Я молча слушал ее историю и прямо чумел от ревности и любви. Мне было одновременно и горько и сладко, и плакать тянуло, и непереносимо хотелось целовать ее шлепанцы, почему-то стоявшие на подоконнике, словом, во мне происходил такой душевный переполох, такая неистовая комбинация из боли и радости меня донимала, что в конце концов на ум пришла одна превосходная мысль, которая впоследствии безотказно скрашивала мою жизнь: я подумал, что вот, кажется, я несчастлив, а в то же время как будто и счастлив, из чего вытекало то душеспасительное заключение, что в энергетическом смысле между счастьем и несчастьем нет никакой разницы…

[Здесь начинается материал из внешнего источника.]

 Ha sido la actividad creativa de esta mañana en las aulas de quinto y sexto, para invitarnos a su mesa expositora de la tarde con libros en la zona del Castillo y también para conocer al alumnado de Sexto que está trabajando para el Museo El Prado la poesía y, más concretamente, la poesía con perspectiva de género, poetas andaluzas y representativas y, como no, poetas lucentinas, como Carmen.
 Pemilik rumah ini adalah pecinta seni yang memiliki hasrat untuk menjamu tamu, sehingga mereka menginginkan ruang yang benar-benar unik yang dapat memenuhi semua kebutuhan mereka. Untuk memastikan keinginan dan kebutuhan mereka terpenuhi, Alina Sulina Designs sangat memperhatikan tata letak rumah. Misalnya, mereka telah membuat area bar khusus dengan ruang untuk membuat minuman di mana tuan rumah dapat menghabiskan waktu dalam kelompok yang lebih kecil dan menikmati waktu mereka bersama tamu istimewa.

Он никогда не сидел в тюрьме…

Он никогда не сидел в тюрьме, не умирал с голоду, не замерзал, не тонул, не скрывался, сроду не знал боли острее зубной, и поэтому считал свою жизнь никчемной, недостойной мужчины, вообще настоящего человека. В первой молодости он из-за этого очень переживал и как-то даже уехал с геофизической экспедицией в Теберду, но у него внезапно открылась какая-то аллергия – то ли на тушенку, то ли на жидкость от комаров, – и он был вынужден возвратиться к прежнему, малоромантическому существованию. Двадцати семи лет он женился на своей бывшей сокурснице и к тридцати четырем годам, когда с ним случилась эта история, уже имел двоих ребятишек. Фамилия его была Коромыслов.

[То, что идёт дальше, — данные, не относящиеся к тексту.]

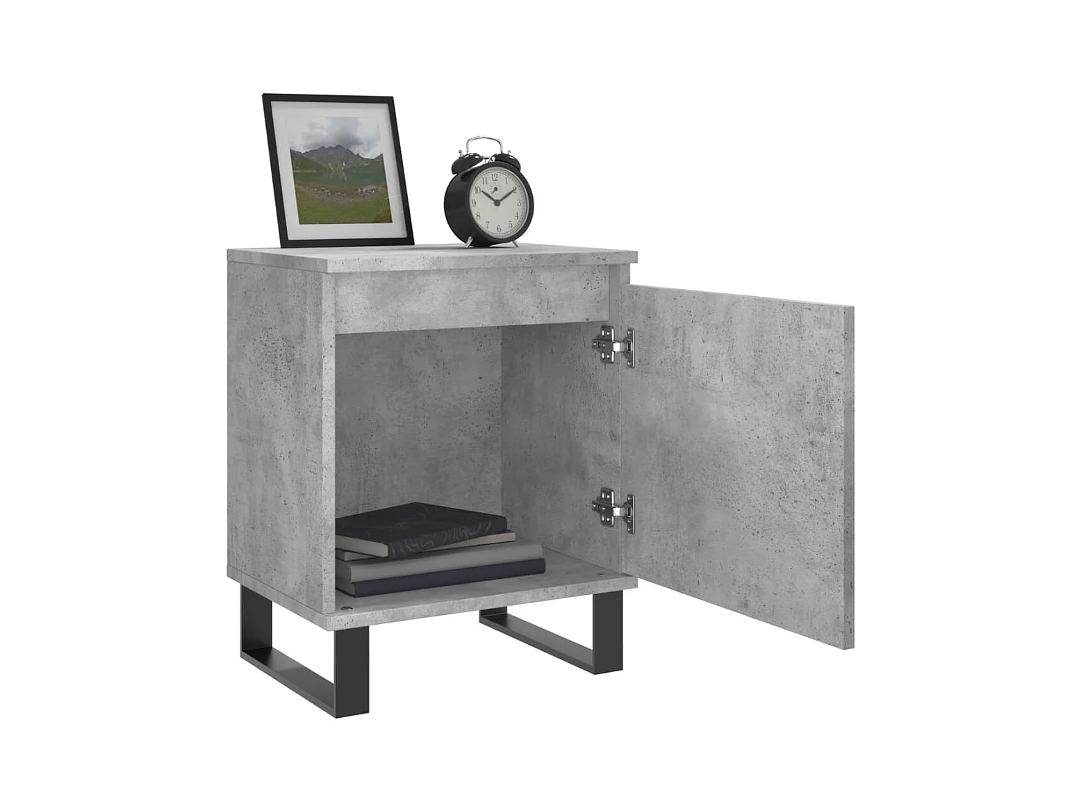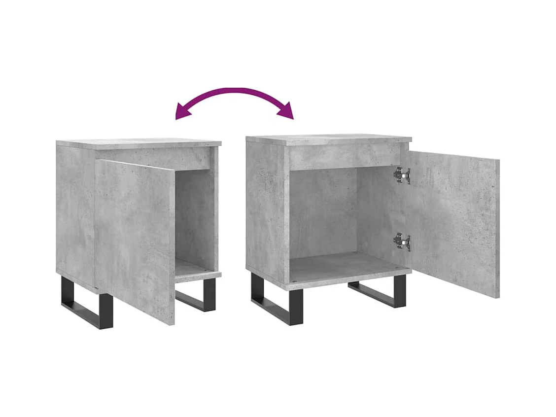 Mesita de noche con patas de metal gris hormigón 40x30x50 cm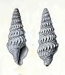 The small fusiform shell contains 11 whorls (the superior ones are eroded), covered with a gray epidermis. The lines of growth are rather strong and very flexuous, and on passing the delicate spiral lirae, except in the concavity above the angle of the whorls and at the base of the body whorl, are delicately nodulous. The last volution below the nodose periphery has about fifteen lirae, of which about six of the upper ones are nodulous, the rest, around the anterior contracted portion, being simple and thread-like. The tubercles on the angle are about eighteen in number, and the lirae above it three or four. The aperture is small. The outer lip is thin. The columella is almost upright and shows a small callus. The siphonal canal is short.[2]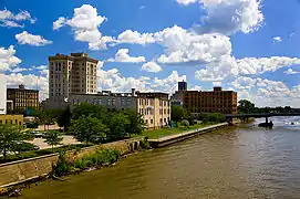East Saginaw Historic Business District, and in the center distance, the Michigan Bell Building, both of which are on the National Register of Historic Places.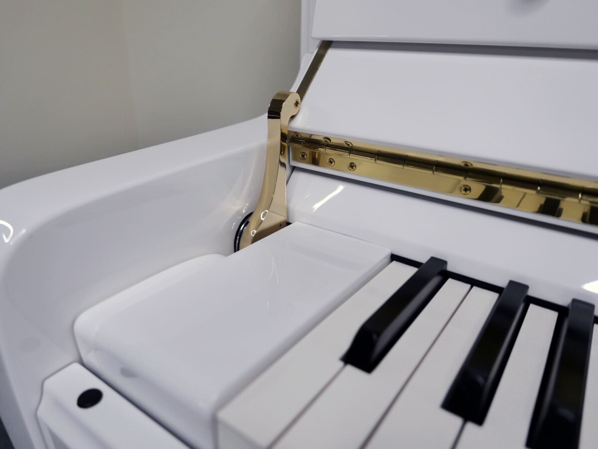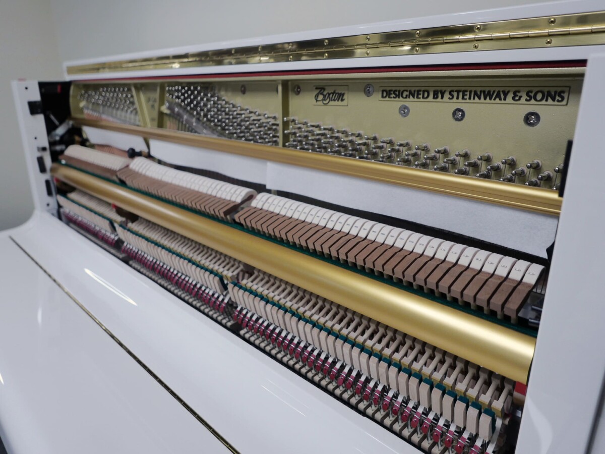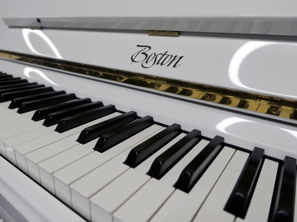 BOSTON UP-126 PE con sistema silent Genio Alpha Premium. Piano de gama profesional acabado en blanco pulido BP RAL 9003.

К этому времени чета Коромысловых достигла известного благосостояния: у них была трехкомнатная квартира, а в ней все то, чему полагается быть, когда вы достигаете известного благосостояния. Понятное дело, Коромыслов смирился. Более того: с годами он окончательно укрепился в том мнении, что жизнь – это отнюдь не праздник, а своего рода обязанность, даже отчасти служба, и если вы порядочный человек, то ваша первейшая задача будет заключаться в максимальном соответствии своей человеческой должности согласно, так сказать, положению о жизни и штатному расписанию судеб. Единственно, что осталось у него от прежнего беспокойства, был большой портрет Горького, полный комплект «Библиотеки приключений» и сломанная тульская одностволка. Но когда Коромыслов бывал, что называется, подшофе, он ерошил волосы и со слезою в голосе восклицал:

– Разве это жизнь? Это недоразумение, а не жизнь!

Видимо, тоска по какой-то исключительной доле сидела в нем все-таки глубоко.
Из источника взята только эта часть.